Directions: Copy exactly the lines of the records below, starting at the line that contains "салат цезарь - странноватый, мне" and continuing through the last line, both included; omit any pictures.
▬▬▬▬▬▬▬▬▬▬
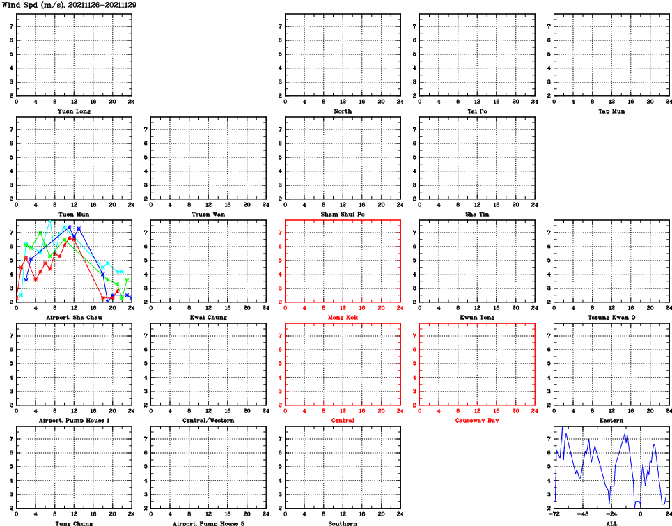 | Air Quality Data Time Series for WS (2021/11/29) | ( Line colors: Day -3 Day -2 Day -1 Current day ) | 2D Map Current AQHI |
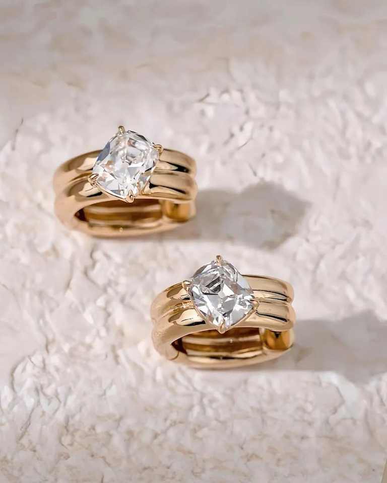 Design: ต่างหูห่วงคู่ทรงวงรีประดับเพชร
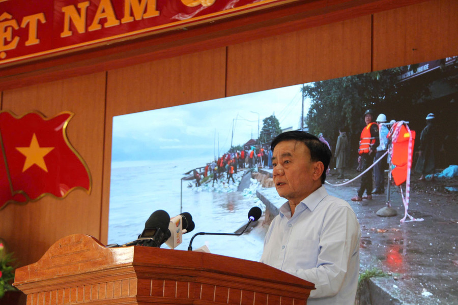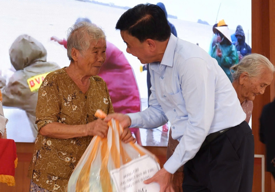 Kế đó, Thường trực Ban Bí thư Trần Cẩm Tú đi thị sát, kiểm tra công tác khắc phục bờ kè An Lương (xã Duy Nghĩa) và tặng quà cho người dân bị ảnh hưởng bởi mưa lũ.
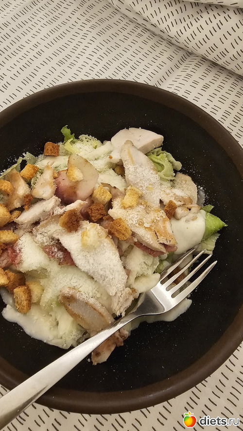 салат цезарь - странноватый, мне не очень. В составе пекинка, курфиле, хамон, сухарики, сыр, майонез
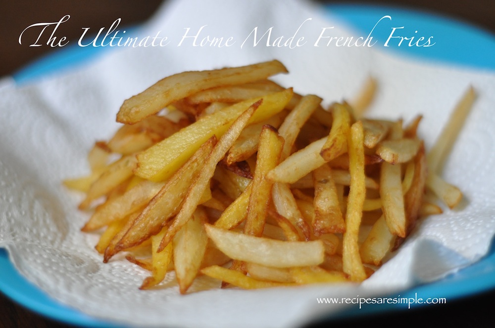 After my post for the delicious cheese sauce for cheese fries I got so many messages asking how to make Home Made Fries. So this is for you. The secret to the best, french fries is that they are deep fried – not Once, but TWICE!
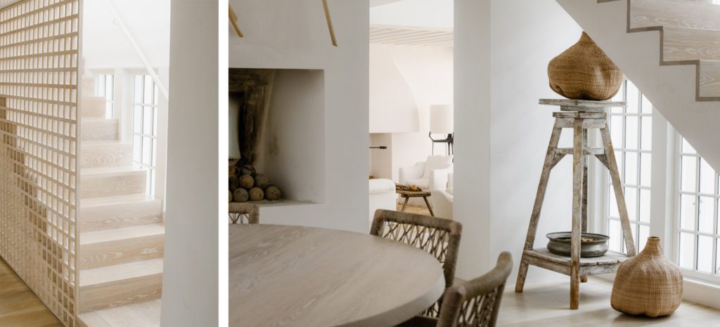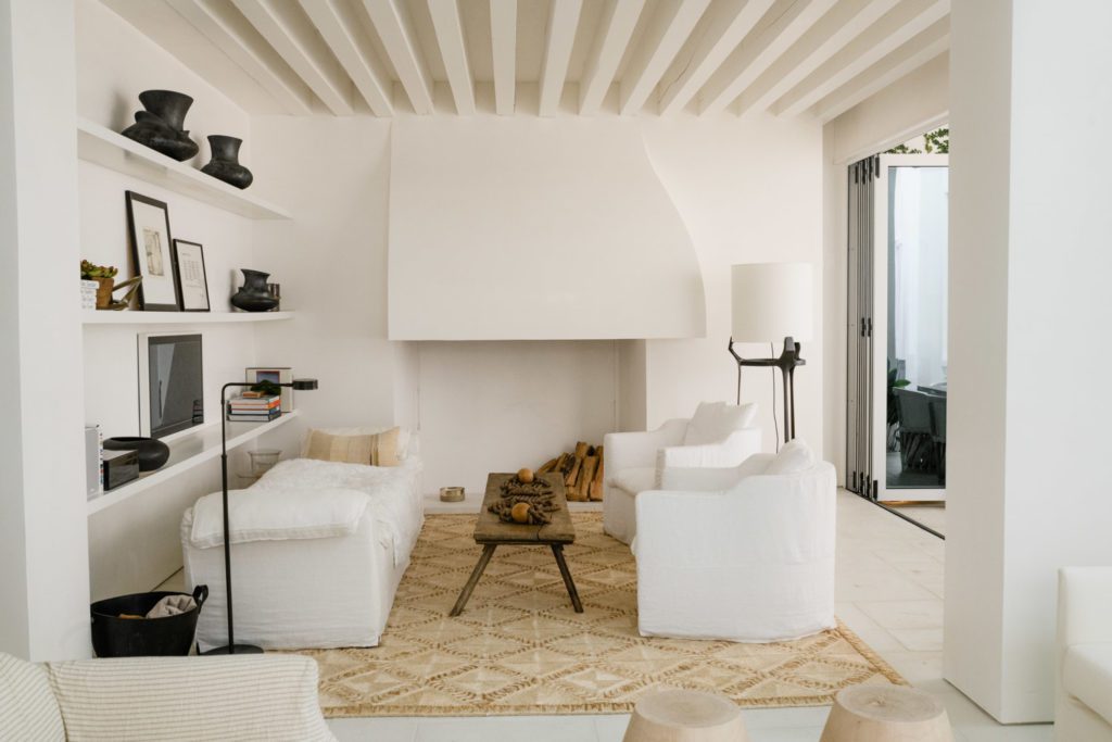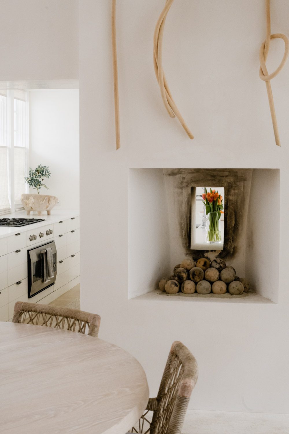 “A fireplace can be as simple as a niche,” Bill says, explaining all the fireplaces are plastered white. “Honestly, I get tired of them looking like black holes. It seems like the last thing you would do is paint your fireplace white, but I love it. It’s so minimalist…the most elemental thing you can do.”
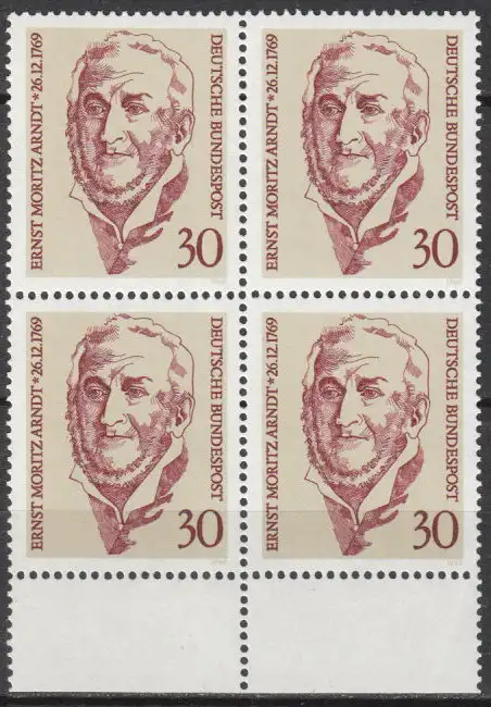 200. Geburtstag von Ernst Moritz Arndt: E. M. Arndt (1769-1860), Dichter und polit. Schriftsteller - Hinweis: Block hat vorwiegend im Randstück unten rechts einen leichten Knick.
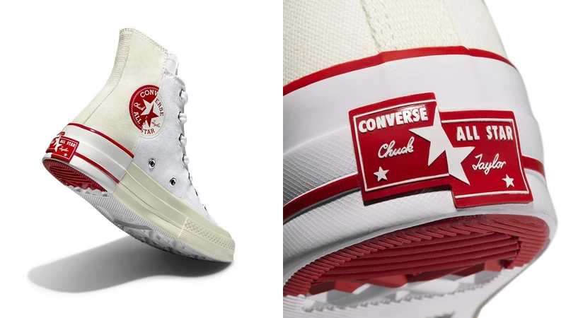 不同於黑白配色的帥氣風格,Converse將Chuck 70採以白色拼接米白色帆布,並將原先的圓形標章改以紅白配色重新詮釋,呈現活潑、俏皮的氛圍。鞋身同樣運用錯位拼接打造而成。
▬▬▬▬▬▬▬▬▬▬
Response area:
 салат цезарь - странноватый, мне не очень. В составе пекинка, курфиле, хамон, сухарики, сыр, майонез
 After my post for the delicious cheese sauce for cheese fries I got so many messages asking how to make Home Made Fries. So this is for you. The secret to the best, french fries is that they are deep fried – not Once, but TWICE!
 “A fireplace can be as simple as a niche,” Bill says, explaining all the fireplaces are plastered white. “Honestly, I get tired of them looking like black holes. It seems like the last thing you would do is paint your fireplace white, but I love it. It’s so minimalist…the most elemental thing you can do.”
 200. Geburtstag von Ernst Moritz Arndt: E. M. Arndt (1769-1860), Dichter und polit. Schriftsteller - Hinweis: Block hat vorwiegend im Randstück unten rechts einen leichten Knick.
 不同於黑白配色的帥氣風格,Converse將Chuck 70採以白色拼接米白色帆布,並將原先的圓形標章改以紅白配色重新詮釋,呈現活潑、俏皮的氛圍。鞋身同樣運用錯位拼接打造而成。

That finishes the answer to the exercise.